Legal Issues in Gaming: The Open Game License

Since I started writing about legal issues in tabletop gaming, several people have asked me about the Open Game License because some of my other posts seem inconsistent with what everybody knows about the OGL. After giving it some thought, I have decided that I should address it sooner rather than later. As a background, it may be relevant to review my introduction to copyright and gaming.

The Origin of the OGL

The Open Game License was first given life during the creation of the Third Edition of Dungeons & Dragons. Built on the idea of the GPL (GNU's General Public License), Wizards of the Coast intended to create a sort of generic version of the new ruleset, dubbed the d20 System, and allow third parties to create content for that system that is compatible with Dungeons & Dragons. Ryan Dancey, one of the (former) WotC employees who motivated the OGL, spoke to the overall intent of the license:
The Trademark.
The net result is that D20 becomes a rosetta stone for making products that will be compatible with Dungeons & Dragons, without requiring us to issue a blanket license for the D&D trademarks. In other words, we want to use the trademarks of D&D to hold the value of the business, rather than the rules themselves.
In this way, Wizards of the Coast would make a remarkable change from previous legal stances regarding Dungeons & Dragons and the law. TSR, Inc. had a reputation for threatening lawsuits against people releasing D&D adventures, modules, or other content without a proper license. The OGL as presented to the public seemed to be a very public way to change the relationship between the owners of D&D and the larger community. Like the GPL, the OGL was intended to make the d20 System the Open Source of the tabletop RPG world.

A Tale of Two Types of Content

Wizards of the Coast provided the Open Game License, version 1.0a, for anybody to utilize in their product. Although it contains a significant amount of legal language, an important part of the license is the first paragraph. The license differentiates between two types of content in role-playing games: Open Game Content and Product Identity content. Generally, the creator of content allows other parties to utilize Open Game Content while Product Identity elements remain protected and controlled. Knowing what falls within each type of content is important to knowing what the OGL does and does not do for content creators.

Product Identity is simple enough of an idea to make it worth discussing first.

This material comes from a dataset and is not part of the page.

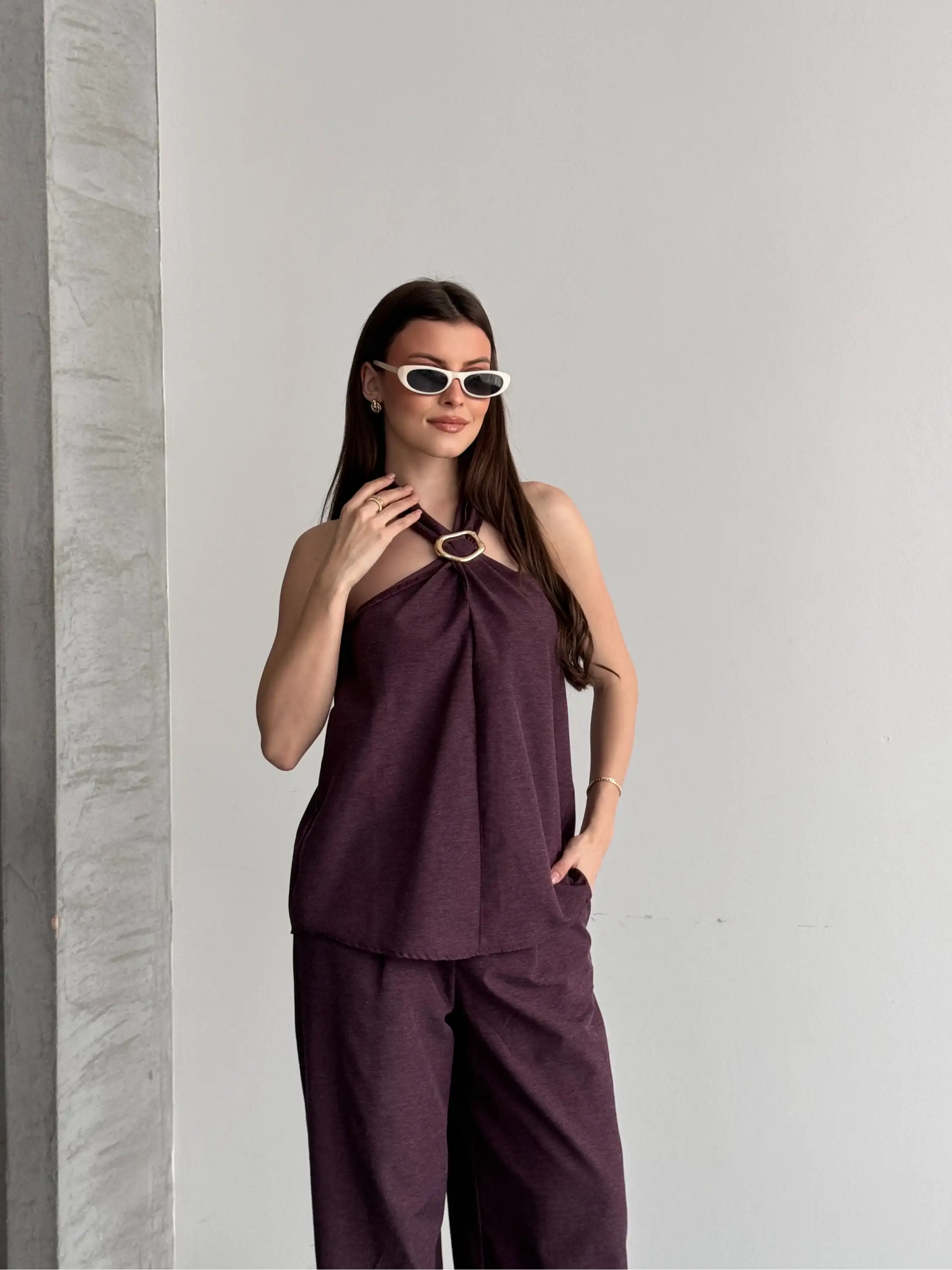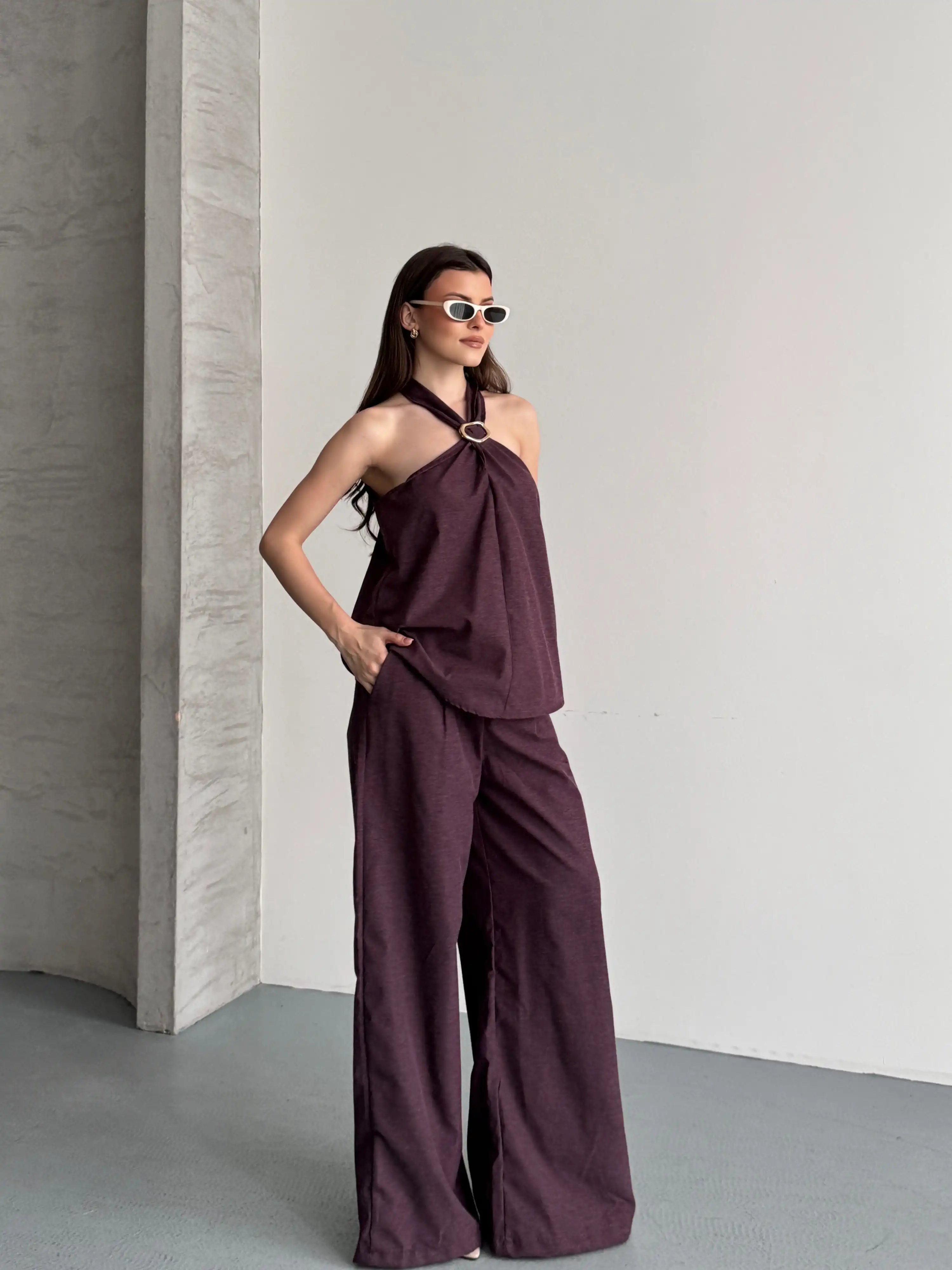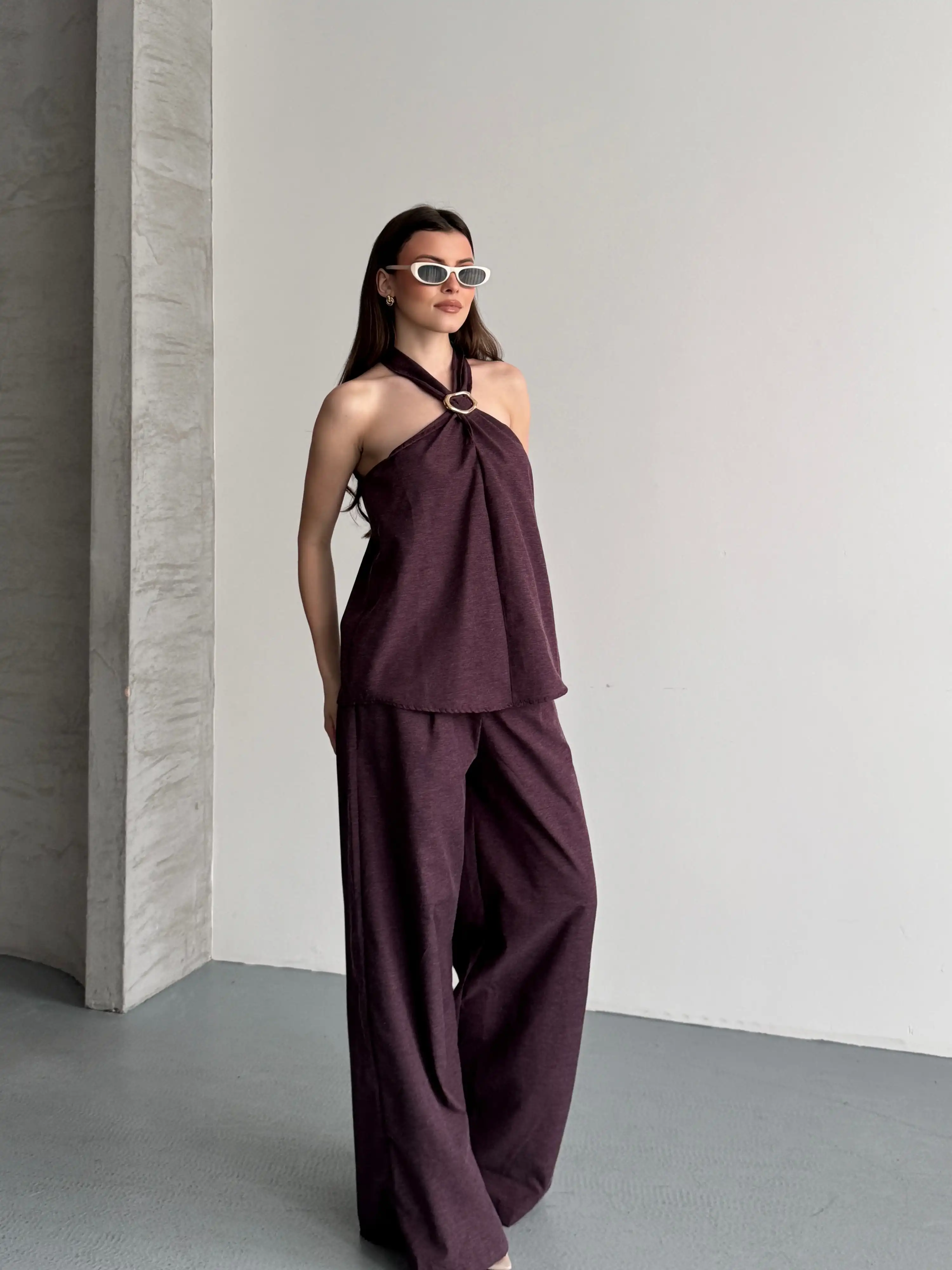 BOYUN GEÇİRMELİ GOLD AKSESUARLI PANTOLONLU TAKIM-KAHVE

The OGL uses quite a lot of language to describe PI but it can be more readily summarized as creative expressions, such as characters, stories, and other creative content protected by copyright or trademark. From a legal perspective, Product Identity is not terribly interesting because its essentially just copyrighted content and the OGL does not allow third parties to utilize that content. However, contrast the idea of Product Identity with that of Open Game Content (OGC).
"Open Game Content" means the game mechanic and includes the methods, procedures, processes and routines to the extent such content does not embody the Product Identity and is an enhancement over the prior art and any additional content clearly identified as Open Game Content by the Contributor, and means any work covered by this License, including translations and derivative works under copyright law, but specifically excludes Product Identity.
This important process is what the OGL
is all about sharing, right?
OGL 1.0a, 1(d). Based on this definition, OGC includes a wide variety of content. Most people understand OGC to include all of the game mechanics of a system, from rolling specific dice for specific situations, creating characters in specific ways, and methods for resolving conflicts. When looking at the language of the definition, it is worth contrasting it with the following section of copyright law.
In no case does copyright protection for an original work of authorship extend to any idea, procedure, process, system, method of operation, concept, principle, or discovery, regardless of the form in which it is described, explained, illustrated, or embodied in such work.
17 USC §102(b). The definition of OGC also includes some suspicious patent language, such as referencing a specific embodiment or prior art. Perhaps, a better way to describe OGC is to say it includes all of the content that does not fall under copyright or trademark protection, including any patentable content, and anything else specified by the creator.

Given all this, it may be helpful to describe Open Game Content and Product Identity a little bit differently. Product Identity is specifically content protected by copyright and trademark while Open Game Content is specifically content that is legally unprotectable or protectable via a patent.

License to Breathe

Perhaps the most interesting aspect about the OGL is the fact that a majority of the content that the license gives permission to use (the Open Game Content) is content that the creator had no legal control over to begin with. As noted podcast Law of the Geek described it, the OGL was a license to breathe. The permissions granted over Open Game Content was no more a grant than had existed without the OGL. If that is the case, what's the point of the OGL?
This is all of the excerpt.